Posted to dev@oltu.apache.org by Stein Welberg <st...@innovation-district.com> on 2013/03/24 14:16:10 UTC
Change in authorization server
Hi Guys,
Since Simone made a good remark in the another thread (changing/updating groupId/artifactId) that we are breaking Amber backwards-compatibility, I would like to suggest another change. I would also like your opinion about the way to implement it.
Currently the Oltu Authorization server implementation is not spec compliant regarding the support for Basic Authentication (see OLTU-5 and OLTU-16). According to the spec section 2.1.3 [0] the authorization server must support basic authentication. I am currently trying to figure out a way to support both unauthenticated requests and authenticated requests (either using basic authentication or not). The unauthenticated requests will not have the client_secret parameter since they possibly don't have a client_secret.
The current setup of the validators does not allow us to dynamically make a param (e.g. the client_secret) required or optional based on some parameter. The validators are added in the OAuthTokenRequest so this is the place to create the distinction between an unauthenticated request an an authenticated request. Without doing a real big refactoring of the validators we have two options to support both authenticated and unauthenticated requests:
1. One way to do this is by creating another OAuthTokenRequest class that accepts only authenticated requests (the OAuthAuthenticatedTokenRequest class). The plain OAuthTokenRequest class then only handles unauthenticated requests.

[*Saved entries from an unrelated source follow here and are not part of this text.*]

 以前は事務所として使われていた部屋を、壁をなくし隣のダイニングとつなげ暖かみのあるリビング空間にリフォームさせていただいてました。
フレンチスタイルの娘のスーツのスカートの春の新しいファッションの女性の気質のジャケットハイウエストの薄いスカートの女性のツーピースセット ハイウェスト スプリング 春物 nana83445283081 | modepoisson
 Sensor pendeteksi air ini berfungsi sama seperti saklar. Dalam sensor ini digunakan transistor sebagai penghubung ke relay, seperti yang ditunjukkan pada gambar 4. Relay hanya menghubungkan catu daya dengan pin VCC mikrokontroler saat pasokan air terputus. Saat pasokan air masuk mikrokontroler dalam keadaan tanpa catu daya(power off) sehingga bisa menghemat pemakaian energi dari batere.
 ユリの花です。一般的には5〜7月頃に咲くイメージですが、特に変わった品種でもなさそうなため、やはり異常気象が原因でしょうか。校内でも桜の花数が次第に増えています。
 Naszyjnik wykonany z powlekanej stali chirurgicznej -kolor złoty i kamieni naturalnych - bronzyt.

2. The second option is to use a boolean in the constructor of the OAuthTokenRequest class to indicate whether we want Oltu to treat the request as an authenticated request or not. I would suggest that we enforce authentication by default and that adding the boolean to the constructor would make it possible to also support unauthenticated requests (secure defaults).
My preference goes to the first approach where we create a separate class purely for authenticated requests since it creates more readable code. (code with booleans in a method tend to get quite unreadable quickly!)

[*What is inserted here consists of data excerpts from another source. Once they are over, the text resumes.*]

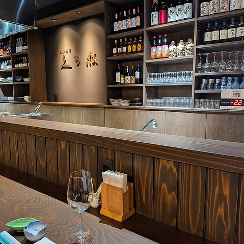 「美酒が並ぶ特等席。今夜の一杯を見つける。」カウンター席は、お一人様や、お酒をゆっくり愉しみたい方のための特等席です。職人の手さばきを眺めながら、自分だけの一杯に酔いしれる夜を。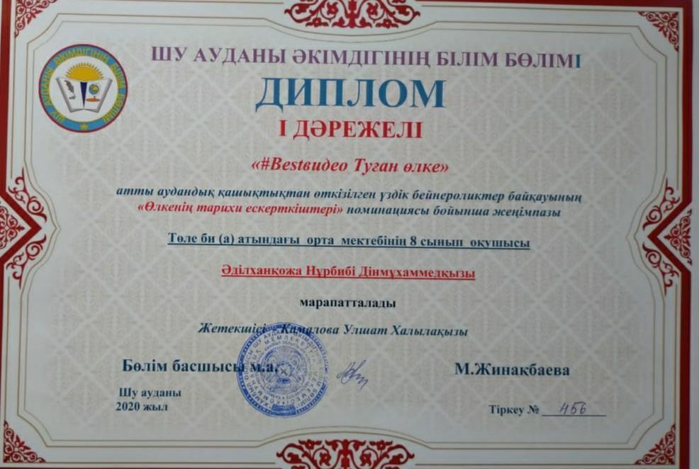 «#Bestвидео Туған өлке» атты аудандық қашықтықтан өткізілген үздік бейнероликтер байқауына Д.Қонаев ауылы Төле би атындағы орта мектебінің 8"А" сынып оқушысы Əділханқожа Нұрбибі Дінмұхаммедқызы "Өлкенің тарихи ескерткіштері" номинациясы бойынша топ жарып, І дәрежелі дипломмен марапатталып, облыстық кезеңге жолдама алды. Жетекшісі: У.Х.Камалова.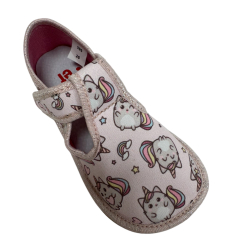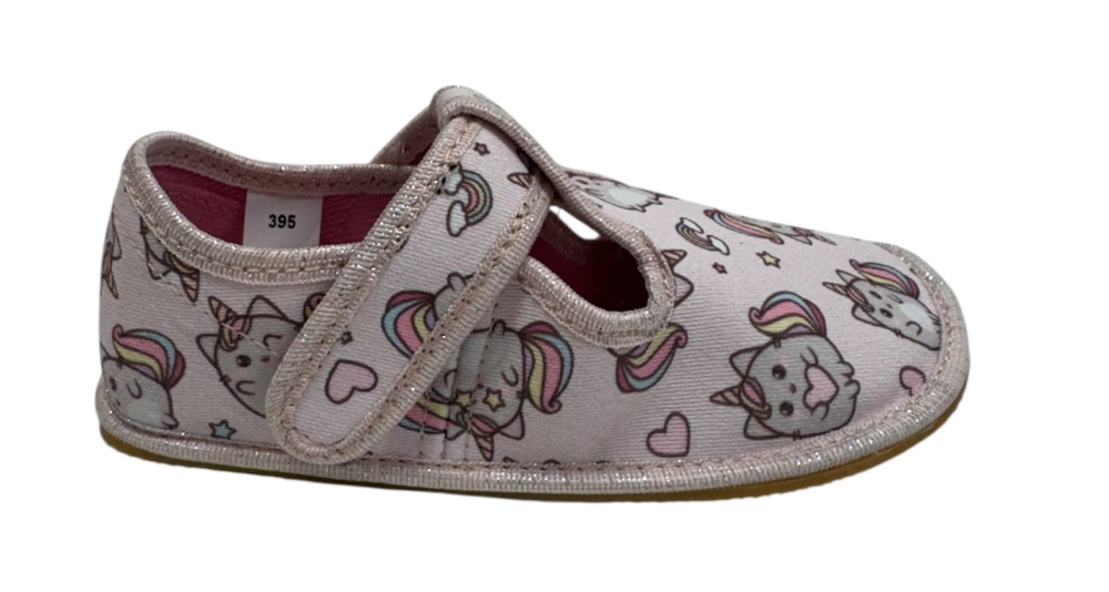 Barefoot papučky od značky EF so spevnenou pätou. Sú veľmi ľahučké a ohybné pozdĺžne aj priečne. Zatvorená predná časť chráni nôžky pred zakopnutím a zároveň poskytuje dostatok priestoru pre prsty. Majú tenkú, gumenú 2 mm podrážku s nulovým dropom (medzi pätou a špičkou nie je výškovo žiaden rozdiel, podrážka je teda úplne plochá a chodidlo je rovnako vysoko od zeme v päte aj špičke). Sedia na normálne široké nôžky a vďaka suchému zipsu sa dajú pekne utiahnuť aj na užšie členky.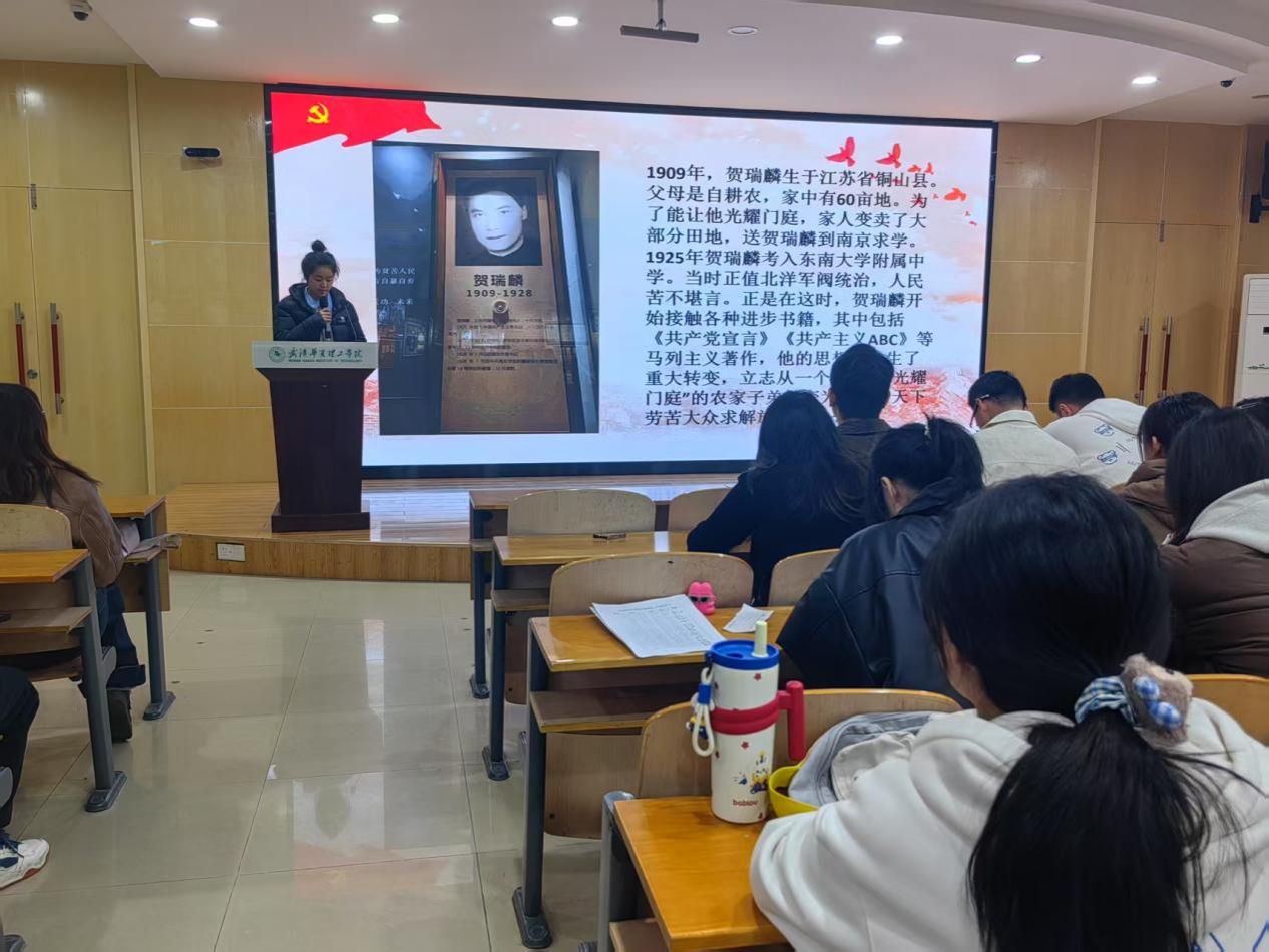第三位同学则以“贺瑞麟:红色基于代代相传”为主题,深情讲述了贺瑞麟烈士在狱中坚持写日记、记录革命斗争的英勇事迹。贺瑞麟烈士在临刑前写下的《死前日记》等八册日记,真实记录了狱中的黑暗生活和被捕人员的英勇不屈。这位同学的讲述让现场师生深刻体会到了贺瑞麟烈士对革命事业的无限忠诚和坚定信念。

I would like to have your opinions since this is quite a change in the API for the developers that are going to use Oltu to create an authorization server!
Thanks.
Regards,
Stein
[0] http://tools.ietf.org/html/rfc6749#section-2.3.1
Re: Change in authorization server
Posted by Stein Welberg <st...@innovation-district.com>.
Antonio,
On 26 mrt. 2013, at 14:53, Antonio Sanso <as...@adobe.com> wrote:
> Hi Stein,
>
> thanks a lot for bring this up.
>
> As a general rules of thumb I do agree with Simone about backward compatibility. Since is already broken let's try to improve as many things as we can for next release.
> I will have some other proposals but I will write a separate mail for it.
>
> On Mar 24, 2013, at 2:16 PM, Stein Welberg wrote:
>
>> Hi Guys,
>>
>> Since Simone made a good remark in the another thread (changing/updating groupId/artifactId) that we are breaking Amber backwards-compatibility, I would like to suggest another change. I would also like your opinion about the way to implement it.
>>
>> Currently the Oltu Authorization server implementation is not spec compliant regarding the support for Basic Authentication (see OLTU-5 and OLTU-16). According to the spec section 2.1.3 [0] the authorization server must support basic authentication. I am currently trying to figure out a way to support both unauthenticated requests and authenticated requests (either using basic authentication or not). The unauthenticated requests will not have the client_secret parameter since they possibly don't have a client_secret.
>>
>> The current setup of the validators does not allow us to dynamically make a param (e.g. the client_secret) required or optional based on some parameter. The validators are added in the OAuthTokenRequest so this is the place to create the distinction between an unauthenticated request an an authenticated request. Without doing a real big refactoring of the validators we have two options to support both authenticated and unauthenticated requests:
>>
>> 1. One way to do this is by creating another OAuthTokenRequest class that accepts only authenticated requests (the OAuthAuthenticatedTokenRequest class). The plain OAuthTokenRequest class then only handles unauthenticated requests.
>>
>> 2. The second option is to use a boolean in the constructor of the OAuthTokenRequest class to indicate whether we want Oltu to treat the request as an authenticated request or not. I would suggest that we enforce authentication by default and that adding the boolean to the constructor would make it possible to also support unauthenticated requests (secure defaults).
>>
>> My preference goes to the first approach where we create a separate class purely for authenticated requests since it creates more readable code. (code with booleans in a method tend to get quite unreadable quickly!)
>>
>> I would like to have your opinions since this is quite a change in the API for the developers that are going to use Oltu to create an authorization server!
>
> I remember the discussion in OLTU-5 and after thinking about it I think we can go with the 2 different classes (so solution 1. above) as long as :
>
> - we document it
> - it is possible to use both the OauthTokenRequest and the OauthAuthenticatedTokenRequest together if needed.
>
> WDYT?
I totally agree. There has to be documentation regarding this choice.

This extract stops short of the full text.